Running benchmark for v0.21.2
OMP_NUM_THREADS=4 OMP_PLACES=cores OMP_PROC_BIND=close \
./benchmark_gemm_s8s8_v0212
benchmarking mkldnn_gemm_s8s8s32(transb, transa, offsetc, &n, &m, &k, &alpha, b, &ldb, &bo, a, &lda, &ao, &beta, c, &ldc, &co)
avg 0.249923 ms
echo "Running benchmark for d279b39"
Running benchmark for d279b39
OMP_NUM_THREADS=4 OMP_PLACES=cores OMP_PROC_BIND=close \
./benchmark_gemm_s8s8_d279b39
benchmarking mkldnn_gemm_s8s8s32(*transa, *transb, *offsetc, m, n, k, alpha, a, lda, ao, b, ldb, bo, beta, c, ldc, &co)
avg 0.359445 ms
I did a quick investigation. It seems this is a real issue, but not so simple to fix it since it depends on how memory is manage in DNNL.
As a workaround, instead of limiting to only 4 threads, use all the 8 threads available.
While MKL performs best if using the exact number of cores of your machine (4) instead of all the hyperthreads (8), for d279b39, using all hyperthreads gives best and comparable performance to v0.21.2:
4 threads v0.21.2
$ OMP_NUM_THREADS=4 ./benchmark_gemm_s8s8_v0212
benchmarking mkldnn_gemm_s8s8s32(transb, transa, offsetc, &n, &m, &k, &alpha, b, &ldb, &bo, a, &lda, &ao, &beta, c, &ldc, &co)
avg 0.248977 ms
8 threads v0.21.2
$ OMP_NUM_THREADS=8 ./benchmark_gemm_s8s8_v0212
benchmarking mkldnn_gemm_s8s8s32(transb, transa, offsetc, &n, &m, &k, &alpha, b, &ldb, &bo, a, &lda, &ao, &beta, c, &ldc, &co)
avg 0.448652 ms
4 threads d279b39
$ OMP_NUM_THREADS=4 ./benchmark_gemm_s8s8_d279b39
benchmarking mkldnn_gemm_s8s8s32(*transa, *transb, *offsetc, m, n, k, alpha, a, lda, ao, b, ldb, bo, beta, c, ldc, &co)
avg 0.359389 ms
8 threads d279b39
$ OMP_NUM_THREADS=8 ./benchmark_gemm_s8s8_d279b39
benchmarking mkldnn_gemm_s8s8s32(*transa, *transb, *offsetc, m, n, k, alpha, a, lda, ao, b, ldb, bo, beta, c, ldc, &co)
avg 0.243672 ms
Thanks for the details. Do you expect this to change in the future or should we simply assume it is how DNNL operates?

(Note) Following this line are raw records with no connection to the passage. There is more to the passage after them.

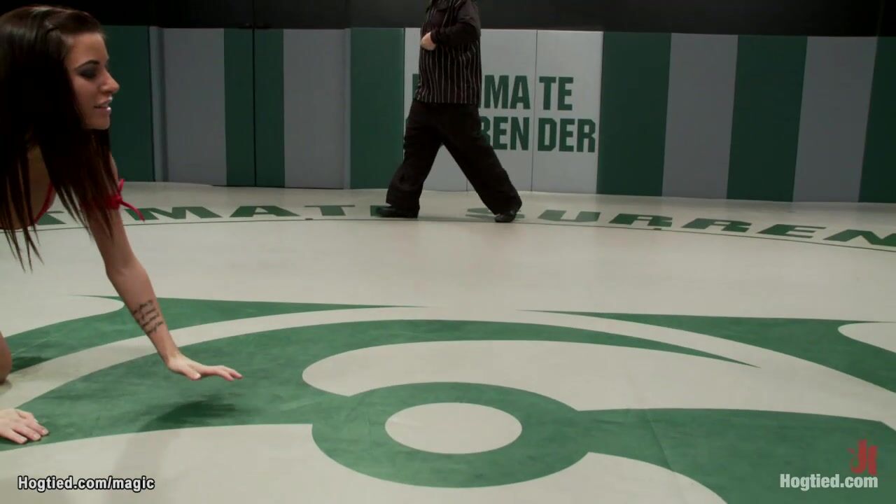 Big boobs lesbian wrestler Ariel X is zipped in back arch position over acrylic hemisphere and rough whipped then fucked with strap on cock on opponent Gia DiMarco
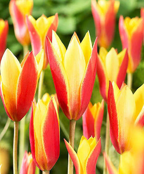 Тюльпан Clusiana var Chrysantha – ботанический сорт, который считается долгожителем среди тюльпанов. Он привлекателен тем, что хорошо разрастается и цветет из года в год. В солнечные дни цветки полностью раскрываются, а в пасмурную погоду они эффектно смотрятся в закрытом виде – с яркими полосами на внешней стороне лепестков.
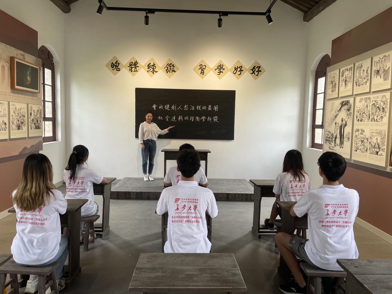 为更加深刻地感受习仲勋同志当年生活坏境。实践队员前往庄里镇的立诚中学参观学习,立诚中学是富平最早的党团组织的发源地,也是革命思想的启蒙之处。在副校长李老师的带领下,实践队来到了古色古香的陈列馆、屹立百年的藏书楼和习仲勋同志早年求学的教室,这些保存至今的建筑向实践队展现出了革命先辈在艰苦环境中坚持革命的高大伟岸的形象,同时,实践队员也学习了立诚中学“阐发新的学说,陶冶理想的人格,创造健全的社会”的校训,领悟到了人才培养对国家振兴的积极作用。
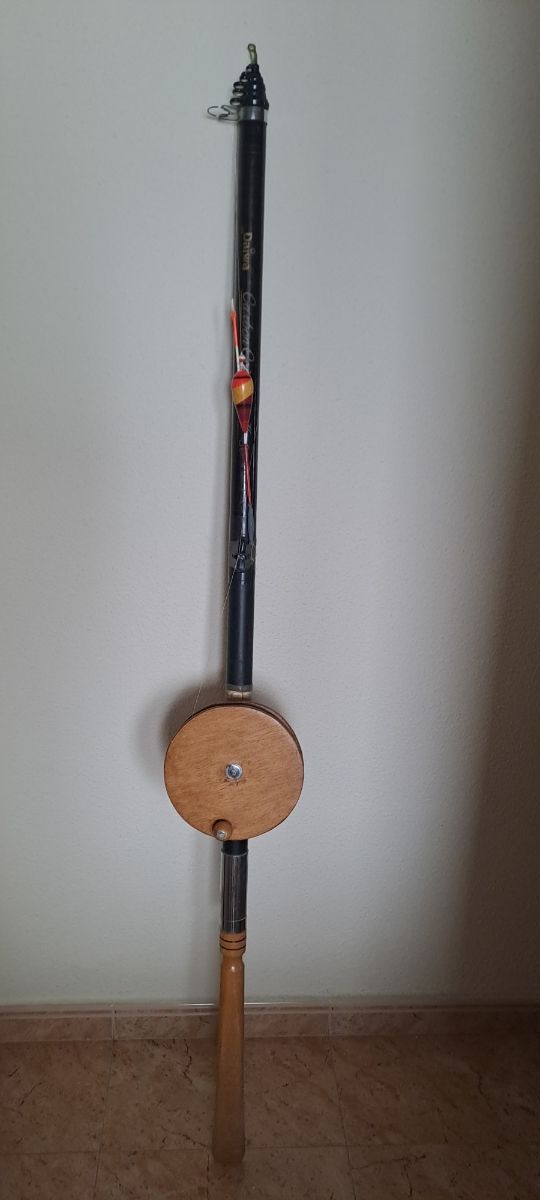 Caña de pescar con carrete de madera y caña con un 80% de carbono. Mide 8 m. extendida

We certainly want to resolve this. We just are still bikeshedding the solution :) In DNNL we have scratchpads as well, so we are not sure if we need a memory manager or need to change the GEMM API.

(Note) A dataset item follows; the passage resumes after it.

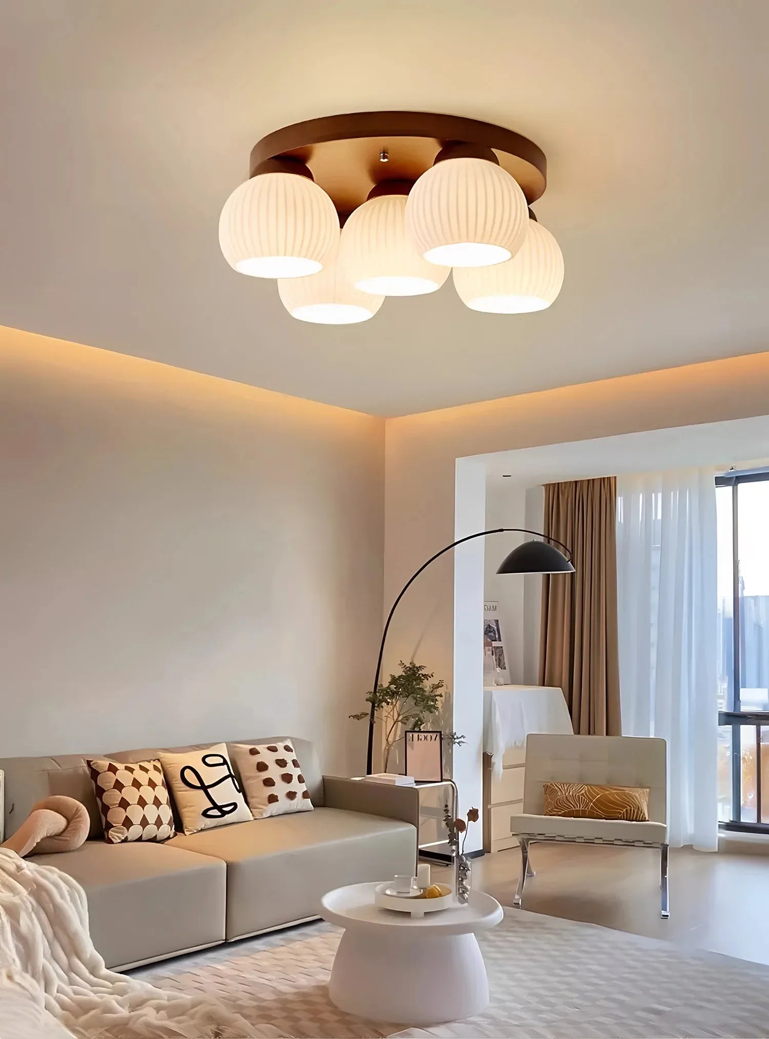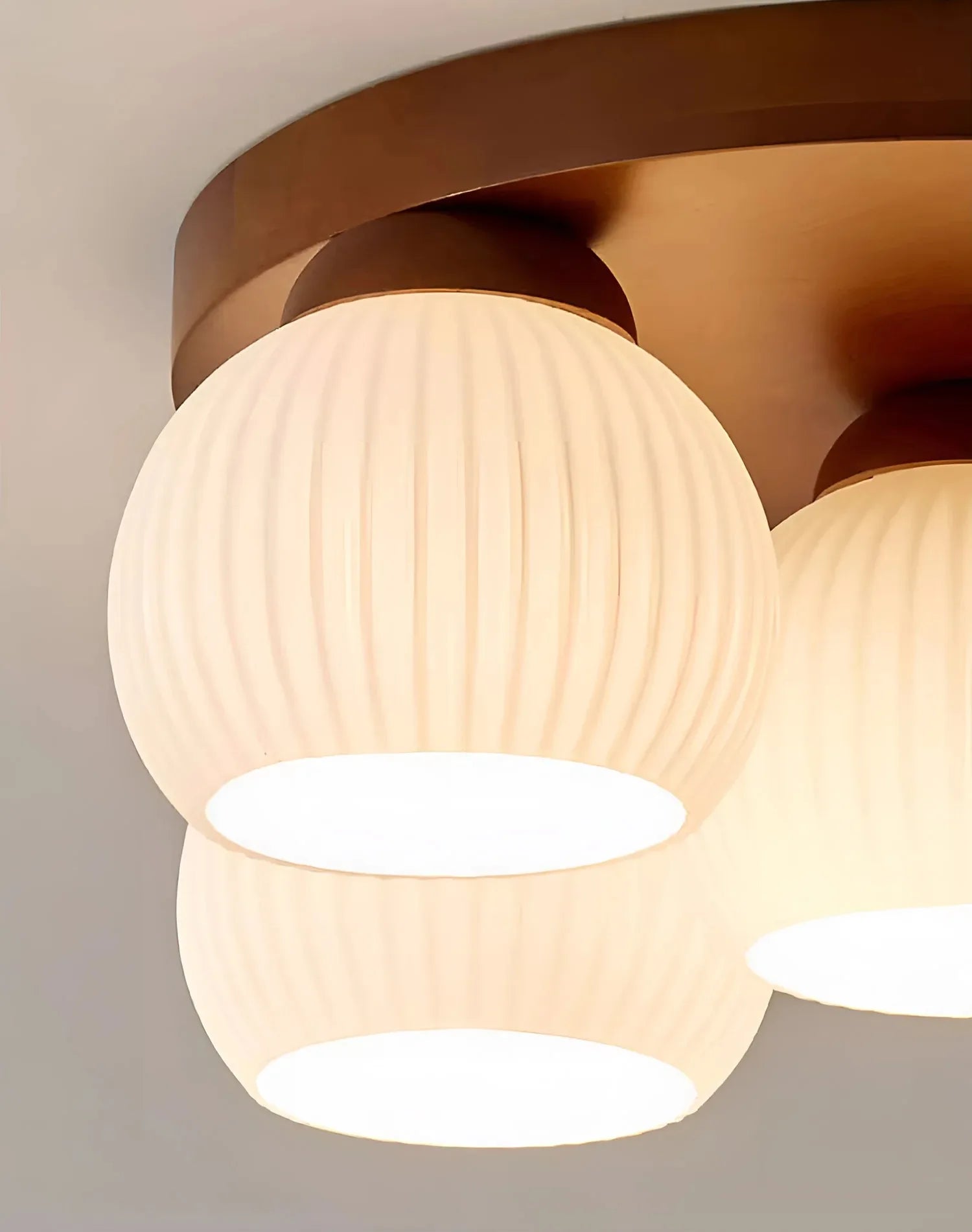 - Walnut art glass ceiling light complements any space, pairing beautifully with your living room, bedroom, dining room, kitchen, or study.

Upon further investigation the rootcase is in block size. Reassigning to @aaraujom for analysis and fix.
I'm curious, just reading this, if OMP_NUM_THREADS=4 for this test is thought to imply that thread assignment is one per core ... Does this problem disappear if hyper-threading is disabled?